Models are NOT exactly same as in their paper.
- Train BERT or RoBERTa with Contrastive Loss
- Unsupervised SimCSE uses Dropout to attain positive pairs
- Train SimCSE with Prefix-Tuning which enables memory/time-efficient training
- DCPCSE shows a little performance gain on similar way. But, for my own works, this model did not work very well, especially on unsupervised setting
- Train GPT-2 with Contrastive Loss
- Original CPT does not support fully-unsupervised setting as SimCSE does using Dropout. It uses weak supervision from noisy Internet documents
- However, in my works, I implemented unsupervised CPT in the same way as SimCSE
- Train CPT with Prefix-Tuning
- Training of unsupervised CPT is very unstable and early stages of training determine the final model's performance
- pandas
- numpy
- scipy
- torch (1.11.0)
- transformers (4.18.0)
- tensorboard
Download datasets for training and evaluation.
I have used official SimCSE trainset for all model and STS Benchmark dataset for evaluation.

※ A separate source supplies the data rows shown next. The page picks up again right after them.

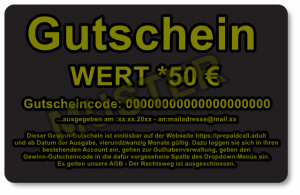Der jeweilige Gewinner, erhält eine E-Mail, mit einem Gutscheincode, welchen er dann in seinem Account einlösen kann. Die hier eingegebene E-Mail-Adresse muss mit der Mailadresse im Portal PrePaidCall übereinstimmen. Andernfalls, kann der Gewinn nicht zugeordnet werden.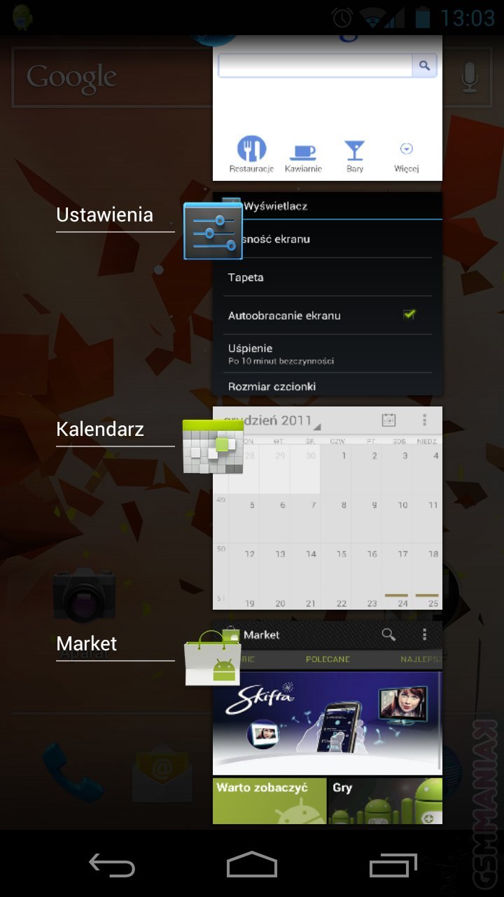 Kolejnym ważnym elementem jest jedna z ikon systemowych, odpowiadająca za wyświetlanie listę ostatnio uruchomionych aplikacji. Gdy wciśniemy trzecią na pasku systemowym ikonę, pojawi nam się długa lista aplikacji, z których korzystaliśmy aż od momentu uruchomienia telefonu. Przyznam szczerze, że nie wiem, jak długa może być ta lista, ale system na pewno zapamiętuje 25 ostatnio uruchomionych aplikacji i wszystkich funkcji telefonu. Ciekawym dodatkiem jest możliwość zamykania ich, poprzez przeciągnięcie danego elementu w stronę prawej krawędzi telefonu.
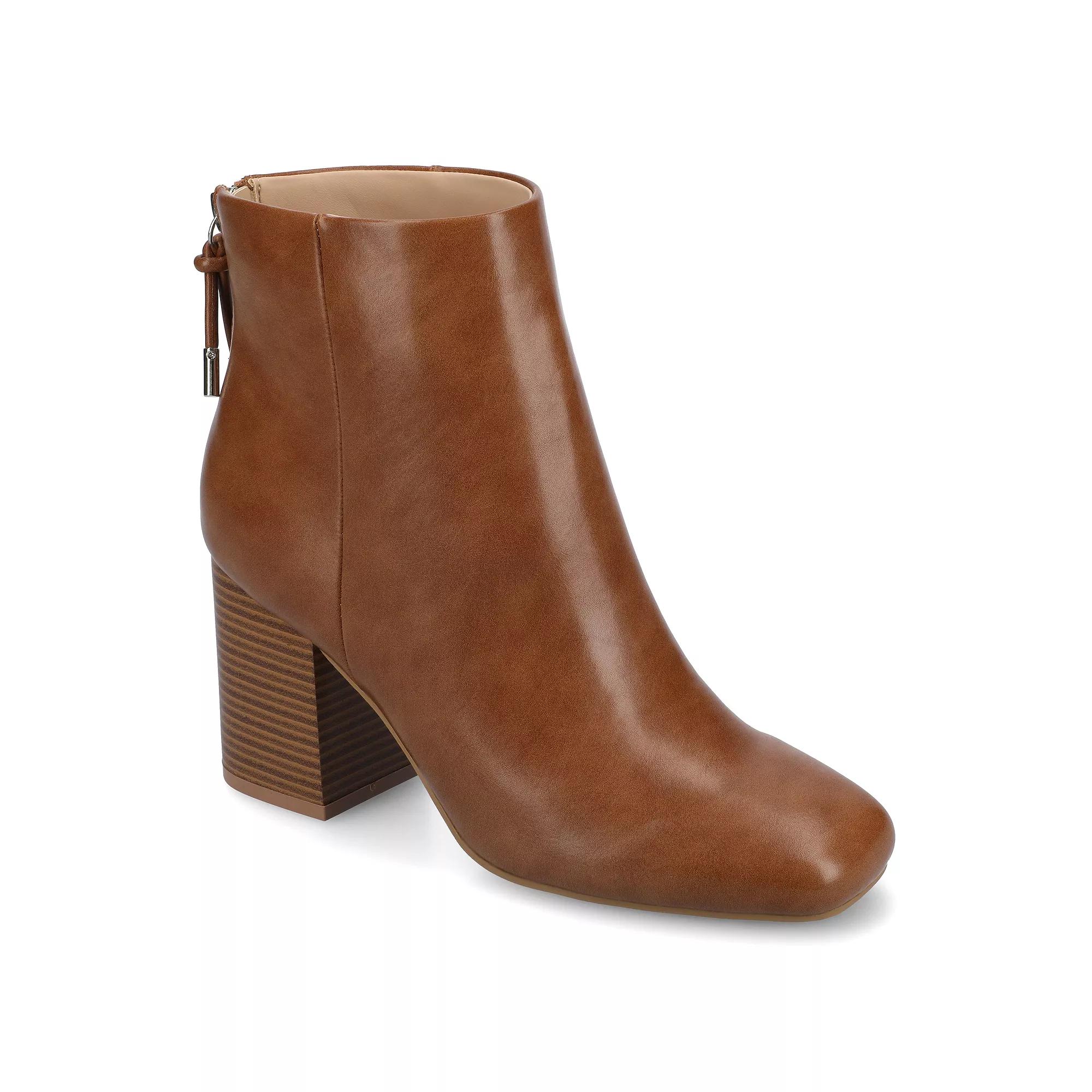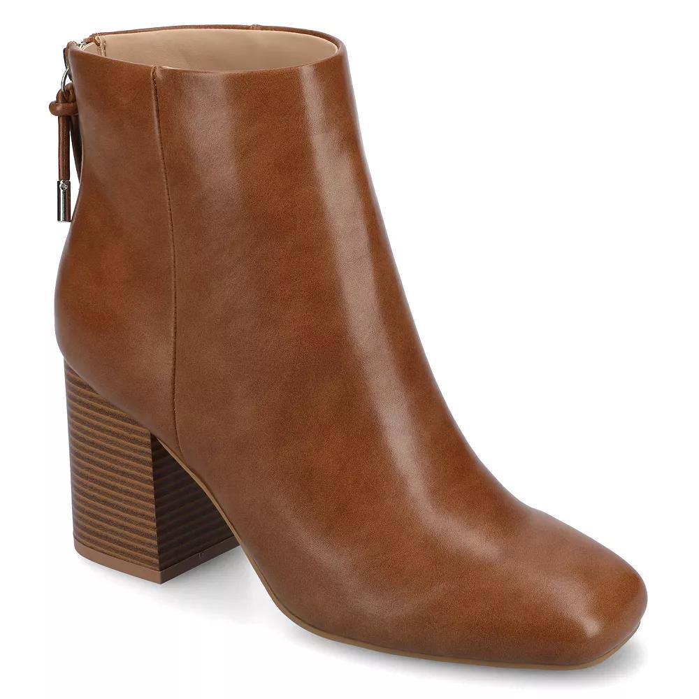 These Audrina ankle boots from Journee were made for walking. Click this FOOTWEAR GUIDE to find the perfect fit and more! - https://www.kohls.com/feature/shoesizeguide.jsp. BOOT FEATURES: footbed, Tassel detail on zipper, Stacked block heel. BOOT CONSTRUCTION: Faux suede upper, Fabric lining, Manmade outsole. BOOT DETAILS: Square toe, Zipper closure, footbed, 3-in. heel, 4.5-in. shaft, 10.5-in. circumference. Size: 8. Color: Cognac Pu. Gender: female. Age Group: adult. Material: FAUX LEATHER.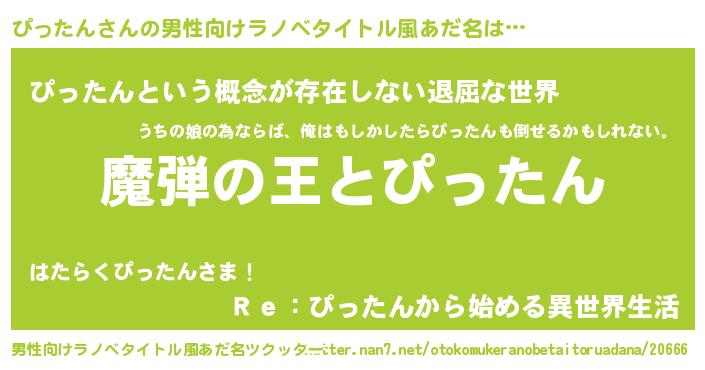| 女子向けラノベタイトル風あだ名 | 『ぴったんが死なない童話 林檎のぴったんの診療簿』 |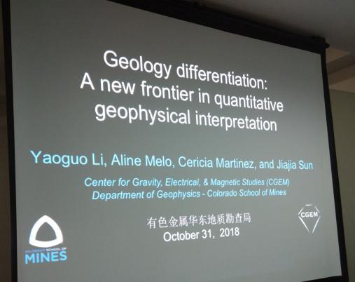 李耀国教授做了《Geology differentiation:A new frontier in quantitative geophysical interpretation》报告,李教授用通俗的语言介绍了地球物理反演最新进展及其应用情况,用大量的案例阐述了重磁电技术在岩性识别方面应用成果,实现了从地球物理单纯反演到通过算法实现岩性识别的巨大跨越,为人工智能实现从地球物理到地质解释的目的。

git clone https://github.com/ChainsmokersAI/Contrastive-Sentence-Encoder.git
cd Contrastive-Sentence-Encoder/
# download datasets and make directory where trained models will be saved
sh download_dataset.sh
Example 1) Supervised SimCSE
python train.py --model=simcse-sup \
--base=roberta-base \
--dataset=./dataset/nli_for_simcse.csv \ # dataset for supervised models
--ddp=True \
--batch=32 \
--accum=2 \
--lr=5e-5 \
--epochs=3
Example 2) Unsupervised CPT with Prefix-Tuning
python train.py --model=cpt-unsup-prefix \
--base=gpt2 \
--dataset=./dataset/wiki1m_for_simcse.txt \ # dataset for unsupervised models
--ddp=True \
--preseqlen=5 \ # sequence length of prefix
--hidden=512 # hidden dimension size of prefix
Evaluate trained models on STS Benchmark dataset.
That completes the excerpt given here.